• **EXERCISE DESCRIPTION**: Copying rule for the data below: pictures stay out, and only the lines from the one with "Garwarm 3-Light Crystal" down to the one with "Dvojvrstvové univerzálne jemné", inclusive, are repeated exactly.

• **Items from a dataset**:

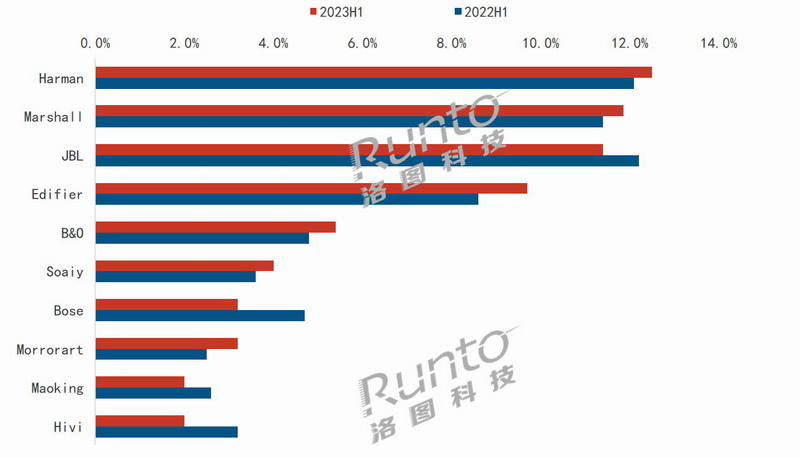 傳統音箱市場中,外資品牌占據一定主導地位。TOP5品牌中有4家為外資品牌,其中哈曼卡頓集團旗下Harman-Kardon和JBL依靠獨特新穎的外觀造型設計,長期保持市場領先地位。根據RUNTO線上監測數據,2023年上半年,Harman以12.5%的份額位列整體市場的銷額第一名,JBL以11.4%的份額位列第三。
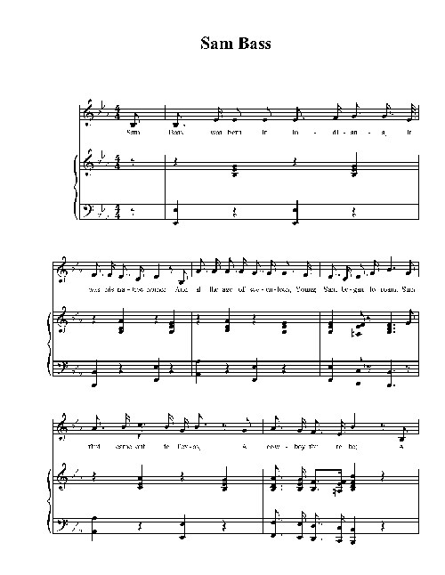 Sam Bass was born in Indiana, it was his native home,And at the age of seventeen young Sam began to roam.Sam first came out to Texas a cowboy for to be,—A kinder-hearted fellow you seldom ever see.Sam used to deal in race stock, one called the Denton mare,He matched her in scrub races, and took her to the Fair.Sam used to coin the money and spent it just as free,He always drank good whiskey wherever he might be.Sam left the Collin's ranch in the merry month of MayWith a herd of Texas cattle the Black Hills for to see,Sold out in Custer City and then got on a spree,—A harder set of cowboys you seldom ever see.On their way back to Texas they robbed the U.P. train,And then split up in couples and started out again.Joe Collins and his partner were overtaken soon,With all their hard-earned money they had to meet their doom.Sam made it back to Texas all right side up with care;Rode into the town of Denton with all his friends to share.Sam's life was short in Texas; three robberies did he do,He robbed all the passenger, mail, and express cars too.Sam had four companions—four bold and daring lads—They were Richardson, Jackson, Joe Collins, and Old Dad;Four more bold and daring cowboys the rangers never knew,They whipped the Texas rangers and ran the boys in blue.Sam had another companion, called Arkansas for short,Was shot by a Texas ranger by the name of Thomas Floyd;Oh, Tom is a big six-footer and thinks he's mighty fly,But I can tell you his racket,—he's a deadbeat on the sly.Jim Murphy was arrested, and then released on bail;He jumped his bond at Tyler and then took the train for Terrell;But Mayor Jones had posted Jim and that was all a stall,'Twas only a plan to capture Sam before the coming fall.Sam met his fate at Round Rock, July the twenty-first,They pierced poor Sam with rifle balls and emptied out his purse.Poor Sam he is a corpse and six foot under clay,And Jackson's in the bushes trying to get away.Jim had borrowed Sam's good gold and didn't want to pay,The only shot he saw was to give poor Sam away.He sold out Sam and Barnes and left their friends to mourn,—Oh, what a scorching Jim will get when Gabriel blows his horn.And so he sold out Sam and Barnes and left their friends to mourn,Oh, what a scorching Jim will get when Gabriel blows his horn.Perhaps he's got to heaven, there's none of us can say,But if I'm right in my surmise he's gone the other way.
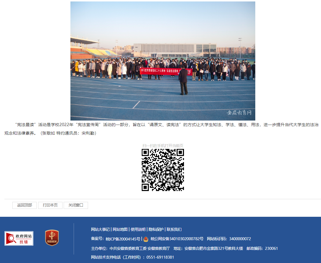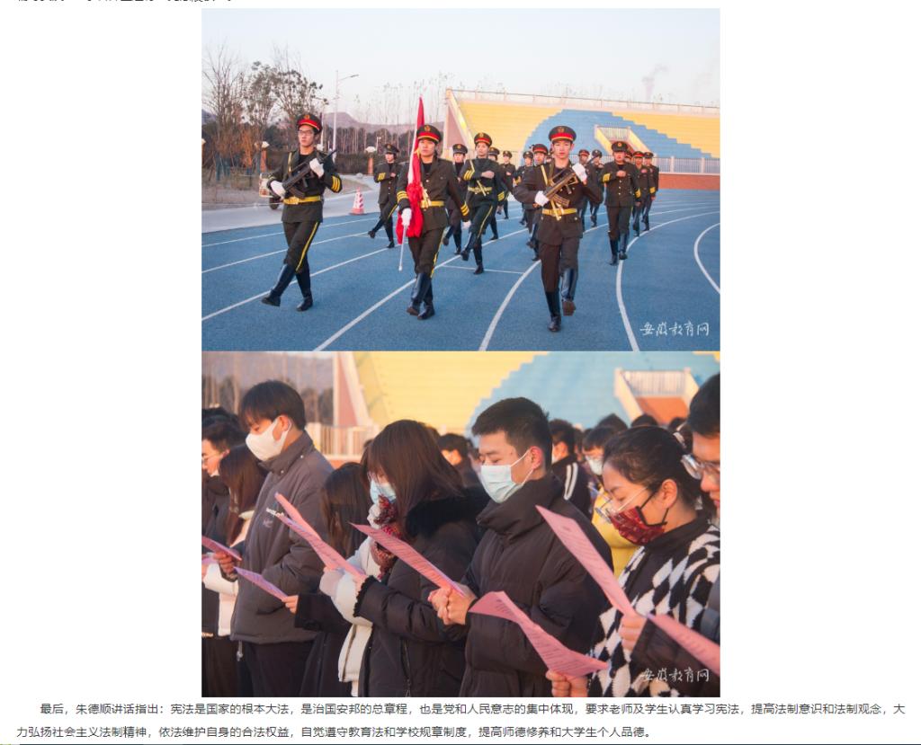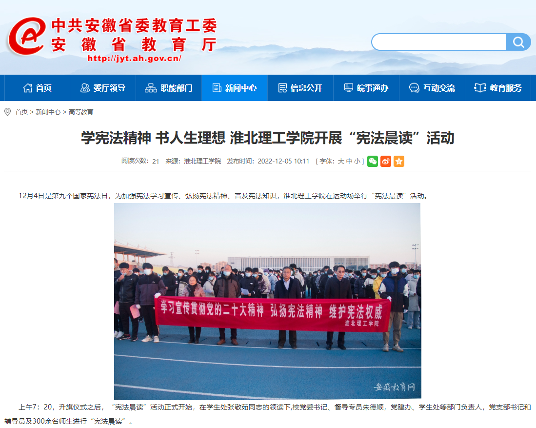 12月4日是第九个国家宪法日,为加强宪法学习宣传、弘扬宪法精神、普及宪法知识,beat365唯一官方网站在运动场举行“宪法晨读”活动。安徽教育网对此进行了报道。
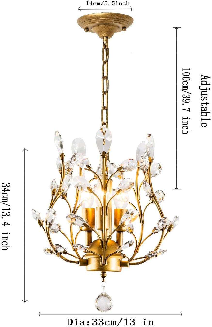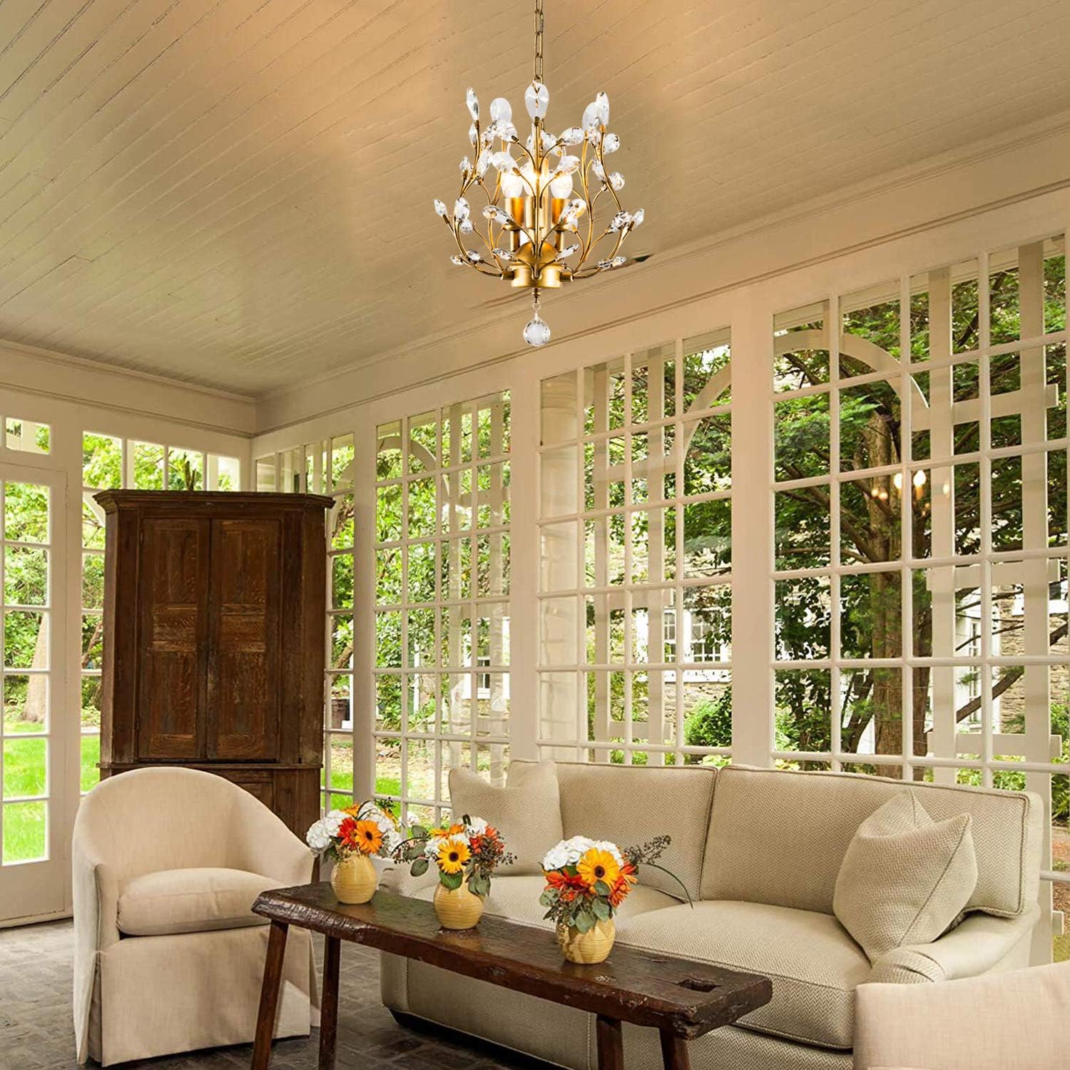 Garwarm 3-Light Crystal Chandeliers,Ceiling Lights,Crystal Pendant Lighting,Ceiling Light Fixtures for Living Room Dining Room Bedroom Restaurant Porch(Gold)
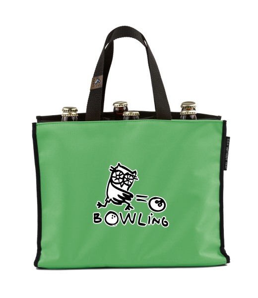 BEER CARRIER - bag for beer with design 1103 BOWLING in color BRIGHT GREEN
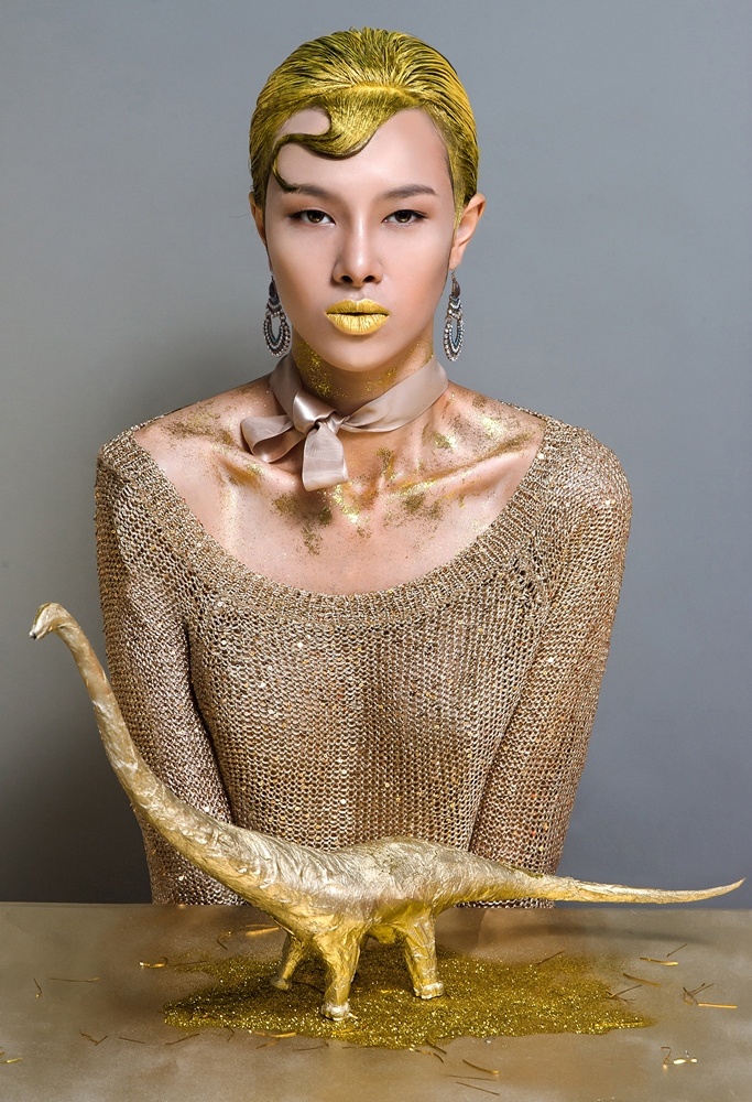 | Lối trang điểm vàng đồng của môi mắt, thậm chí trang phục ton sur ton tạo nên tổng thể thống nhất về màu sắc cho tấm ảnh. |
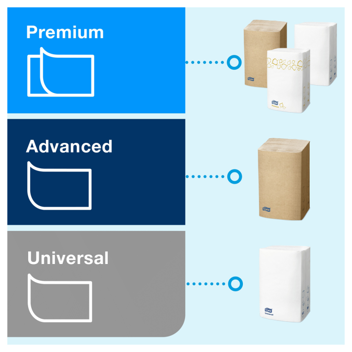 Dvojvrstvové univerzálne jemné utierky prémiovej kvality z celulózy. Utierky sú vhodné do Tork Xpress® zásobníka systému H2 na papierové utierky Multifold v stredne frekventovaných toaletách a umyvárňach. Možno ho použiť do malých priestorov a vašim hosťom poskytuje pohodlie aj hygienu.
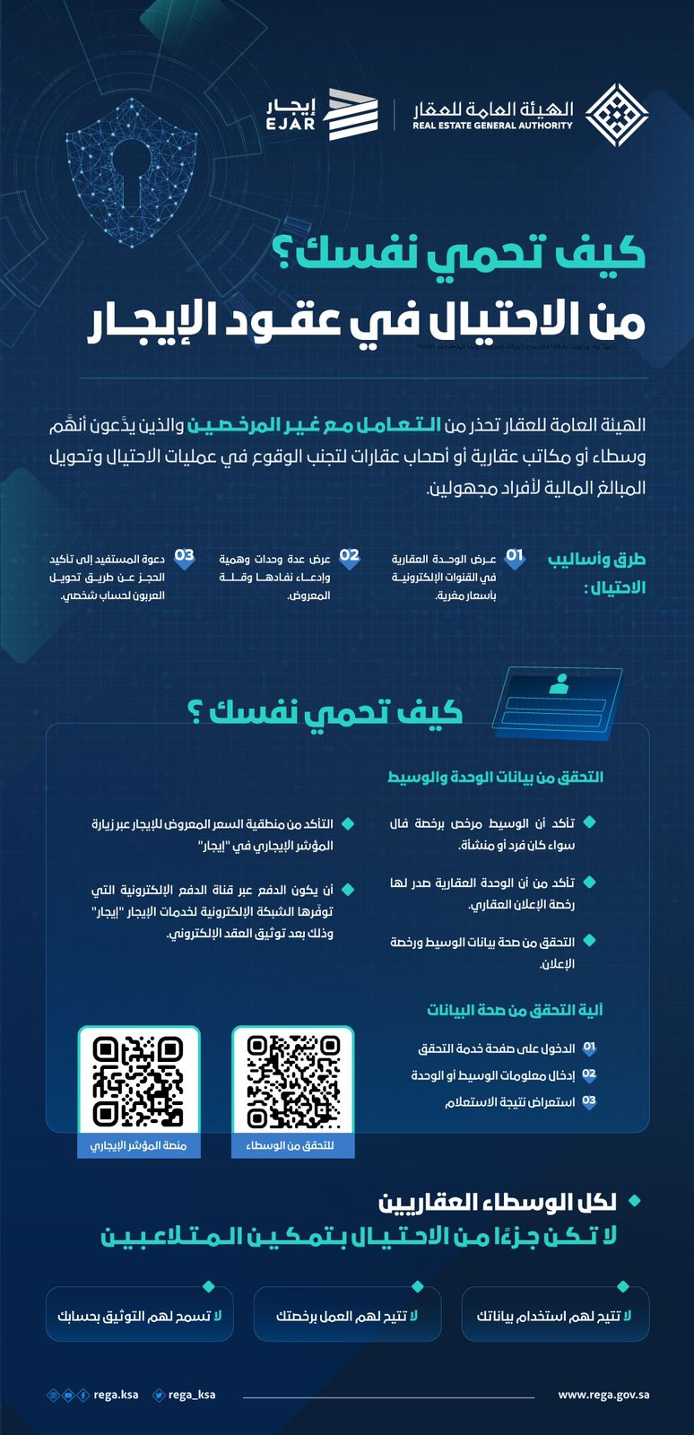 وأكّد المتحدث الرسمي للهيئة العامة للعقار تيسير المفرج على ضرورة التحقق ابتداءً من أنَّ الطرف المسوق للوحدة العقارية من الوسطاء المرخصين برخصة “فال ” العقارية سواءً كان فرد أو مُنشأة وأنَّ الوحدة العقارية قد صدر لها رخصة للإعلان العقاري صادرة من الهيئة العامة للعقار ، ثم التحقق من صحة بيانات الوسيط ورخصة الإعلان من خلال خاصية الاستعلام التي وفرتها الهيئة في منصة الخدمات الإلكترونية في موقعها عبر الرابط https://eservicesredp.rega.gov.sa/auth/queries وإدخال عدد من المعلومات مثل رقم رخصة الوسيط، أو رقم الهوية للفرد أو الرقم الموحد للمنشأة، أو اسم الوسيط، أو نوع الرخصة، لتظهر بعد ذلك نتيجة الاستعلام ، كما يمكن الاسترشاد بمنطقية السعر المعروض للإيجار عبر زيارة المؤشر الإيجاري في “إيجار” ؛ للتأكد من تماشي السعر المعروض مع النطاق السعري ومتوسط الأسعار للوحدة العقارية وفقًا لمواصفات الوحدة وموقعها ، وأنْ يكون تحويل الدفعة المالية عبرَ قناة الدفع الإلكترونية التي توفّرها الشبكة الإلكترونية لخدمات الإيجار “إيجار” www.ejar.sa ؛ وذلك بعد توثيق العقد الإلكتروني؛ والحذر من التحويل المالي للحسابات البنكية بشكل مباشر للحد من الوقوع في حالات التلاعب .

• **RESULT OF THE TASK**:
 Garwarm 3-Light Crystal Chandeliers,Ceiling Lights,Crystal Pendant Lighting,Ceiling Light Fixtures for Living Room Dining Room Bedroom Restaurant Porch(Gold)
 BEER CARRIER - bag for beer with design 1103 BOWLING in color BRIGHT GREEN
 | Lối trang điểm vàng đồng của môi mắt, thậm chí trang phục ton sur ton tạo nên tổng thể thống nhất về màu sắc cho tấm ảnh. |
 Dvojvrstvové univerzálne jemné utierky prémiovej kvality z celulózy. Utierky sú vhodné do Tork Xpress® zásobníka systému H2 na papierové utierky Multifold v stredne frekventovaných toaletách a umyvárňach. Možno ho použiť do malých priestorov a vašim hosťom poskytuje pohodlie aj hygienu.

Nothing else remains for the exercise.